Hadoop Online Training

Hadoop Online Training By IT Experts :

Pravega online training facility offers Hadoop online training by trainers who have expert knowledge in the Hadoop and proven record of training hundreds of students. Our Hadoop training is regarded as the best online training by our students and corporate clients. We are training partners for corporate clients like IBM. We train students from across all countries like USA, UK, Singapore, UAE, Australia, India. Our Hadoop training is your one stop solution to Learn, Practice and build career in this field at the comfort of your Home with flexible class schedules..

Hadoop Introduction :

Hadoop is an open source software. Hadoop allows distributed processing of the scattered large sets of data across batch of computer servers using simple programming methods. It is outlined to scale up from a single server to thousands of machines, with a very high availability. offers local computation and storage. Rather than depending on hardware, the flexibility of these batches comes from the software’s capability to detect and handle failures at the application layer.

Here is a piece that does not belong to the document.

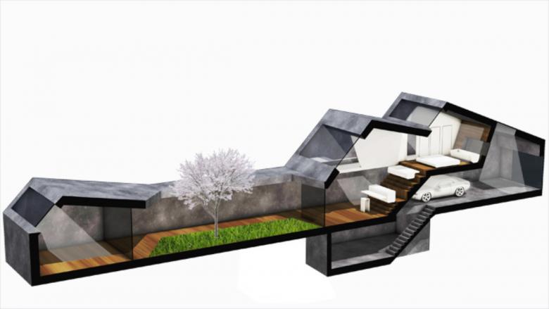 This has been made possible by means of a narrow floor plan layout of 5 x 35 m, with a three-sided firewall to allow the possibility of direct extension, an internal connection between the living levels, a central atrium garden and focused horizontal and vertical lighting areas.

This course helps you through address the challenges and take advantage of the core values provided by Hadoop in a vendor neutral way.

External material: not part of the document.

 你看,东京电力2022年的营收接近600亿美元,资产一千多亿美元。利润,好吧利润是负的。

Pravega Training offers the Hadoop Online Course in a true global setting.

Hadoop Online Training Concepts : :

Basics of Hadoop:

1.Motivation for Hadoop
2.Large scale system training
3.Survey of data storage literature
4.Literature survey of data processing
5.Networking constraints
6.New approach requirements

Basic concepts of Hadoop
1.What is Hadoop?
2.Distributed file system of Hadoop
3.Map reduction of Hadoop works
4.Hadoop cluster and its anatomy
5.Hadoop demons
6.Master demons
7.Name node
8.Tracking of job
9.Secondary node detection
10.Slave daemons
11.Tracking of task
12.HDFS(Hadoop Distributed File System)
13.Spilts and blocks
14.Input Spilts
15.HDFS spilts
16.Replication of data
17.Awareness of Hadoop racking
18.High availably of data
19.Block placement and cluster architecture
20.CASE STUDIES
21.Practices & Tuning of performances
22.Development of mass reduce programs
23.Local mode
24.Running without HDFS
25.Pseudo-distributed mode

Hadoop administration

1.Setup of Hadoop cluster of Cloud era, Apache, Green plum, Horton works
2.On a single desktop, make a full cluster of a Hadoop setup.
3.Configure and Install Apache Hadoop on a multi node cluster.
4.In a distributed mode, configure and install Cloud era distribution.
5.In a fully distributed mode, configure and install Hortom works distribution
6.In a fully distributed mode, configure the Green Plum distribution.
7.Monitor the cluster
8.Get used to the management console of Horton works and Cloud era.

Hadoop Development :

1.Writing a MapReduce Program
2.Sample the mapreduce program.
3.API concepts and their basics
4.Driver code
5.Mapper
6.Reducer
7.Hadoop AVI streaming
8.Performing several Hadoop jobs
9.Configuring close methods
10.Sequencing of files
11.Record reading
12.Record writer
13.Reporter and its role
14.Counters

CDH4 Enhancements :

1.Name Node – Availability
2.Name Node federation
3.Fencing
4.MapReduce – 2

HADOOP ANALYST

1.Concepts of Hive
2. Hive and its architecture
3. Install and configure hive on cluster
4. Type of tables in hive

PIG :

1.Pig basics
2. Install and configure PIG
3. Functions of PIG Library
4. Pig Vs Hive
5. Writing of sample Pig Latin scripts

IMPALA

1. Difference between Pig and Impala Hive
2. Does Impala give good performance?
3. Exclusive features
4. Impala and its Challenges
5. Use cases

Our Hadoop Online Training batches start every week and we accommodate your flexible timings.